*** Opening of PROVIDED RECORDS ***

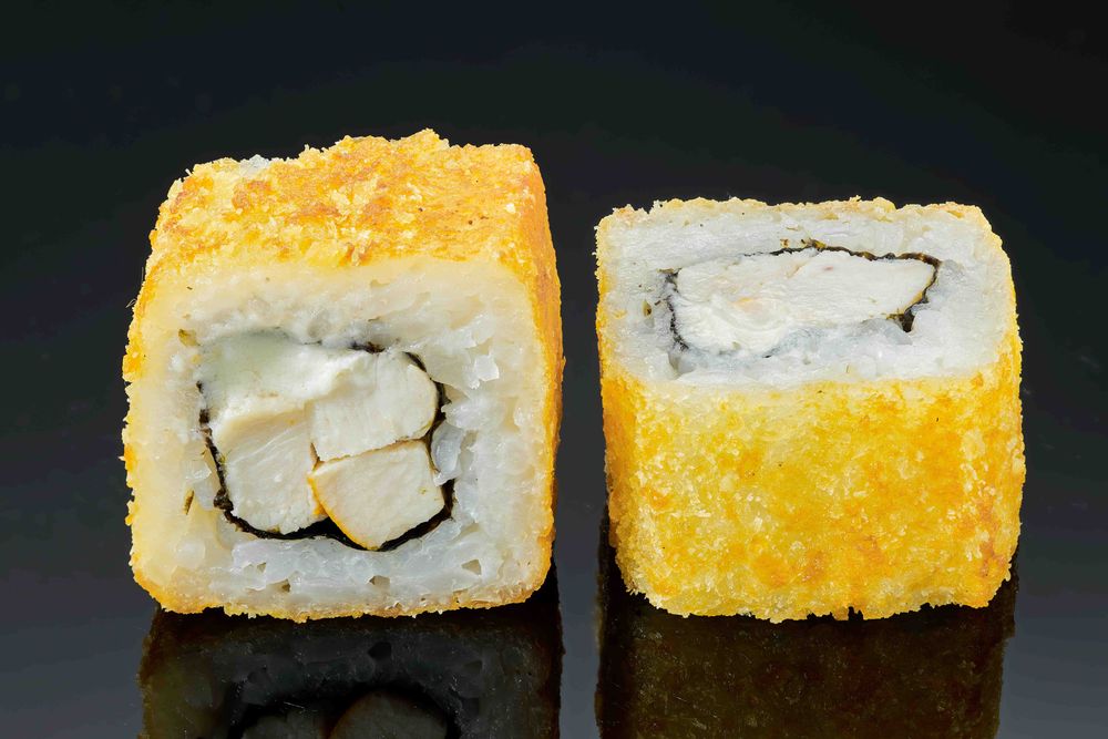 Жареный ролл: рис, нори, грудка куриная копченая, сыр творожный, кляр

*** Close of PROVIDED RECORDS ***
*** Opening of PROVIDED RECORDS ***

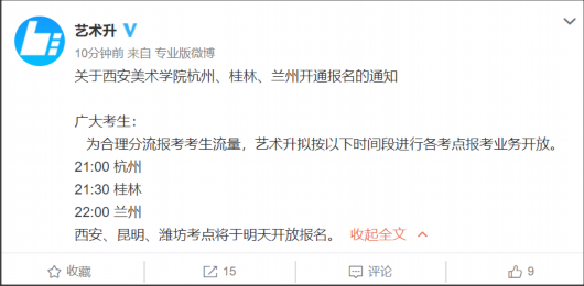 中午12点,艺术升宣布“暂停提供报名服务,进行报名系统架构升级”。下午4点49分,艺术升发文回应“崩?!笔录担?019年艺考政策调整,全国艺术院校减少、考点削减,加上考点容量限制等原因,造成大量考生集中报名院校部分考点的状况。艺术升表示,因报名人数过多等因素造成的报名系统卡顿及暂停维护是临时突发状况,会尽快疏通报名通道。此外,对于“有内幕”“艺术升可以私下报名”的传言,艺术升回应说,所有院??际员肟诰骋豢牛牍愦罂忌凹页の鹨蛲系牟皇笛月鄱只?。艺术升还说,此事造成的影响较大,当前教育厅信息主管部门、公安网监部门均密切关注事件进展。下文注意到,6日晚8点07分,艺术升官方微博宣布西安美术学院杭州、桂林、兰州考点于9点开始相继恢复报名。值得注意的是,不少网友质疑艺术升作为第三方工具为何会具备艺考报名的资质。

*** Close of PROVIDED RECORDS ***
*** Opening of PROVIDED RECORDS ***

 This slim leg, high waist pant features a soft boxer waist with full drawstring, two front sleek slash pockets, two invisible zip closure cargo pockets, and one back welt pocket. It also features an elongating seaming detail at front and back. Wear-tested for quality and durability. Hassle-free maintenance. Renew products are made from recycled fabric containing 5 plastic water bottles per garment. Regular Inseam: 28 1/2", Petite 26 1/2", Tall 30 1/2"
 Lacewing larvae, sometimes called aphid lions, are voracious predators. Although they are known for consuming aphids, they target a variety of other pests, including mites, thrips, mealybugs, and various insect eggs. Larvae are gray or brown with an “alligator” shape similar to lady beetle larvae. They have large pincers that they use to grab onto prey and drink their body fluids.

*** Close of PROVIDED RECORDS ***

> _HOW TO COMPLETE THIS TASK_
Where a line contains the word "with", copy that line from the listing above.

> _TASK RESPONSE_
 This slim leg, high waist pant features a soft boxer waist with full drawstring, two front sleek slash pockets, two invisible zip closure cargo pockets, and one back welt pocket. It also features an elongating seaming detail at front and back. Wear-tested for quality and durability. Hassle-free maintenance. Renew products are made from recycled fabric containing 5 plastic water bottles per garment. Regular Inseam: 28 1/2", Petite 26 1/2", Tall 30 1/2"
 Lacewing larvae, sometimes called aphid lions, are voracious predators. Although they are known for consuming aphids, they target a variety of other pests, including mites, thrips, mealybugs, and various insect eggs. Larvae are gray or brown with an “alligator” shape similar to lady beetle larvae. They have large pincers that they use to grab onto prey and drink their body fluids.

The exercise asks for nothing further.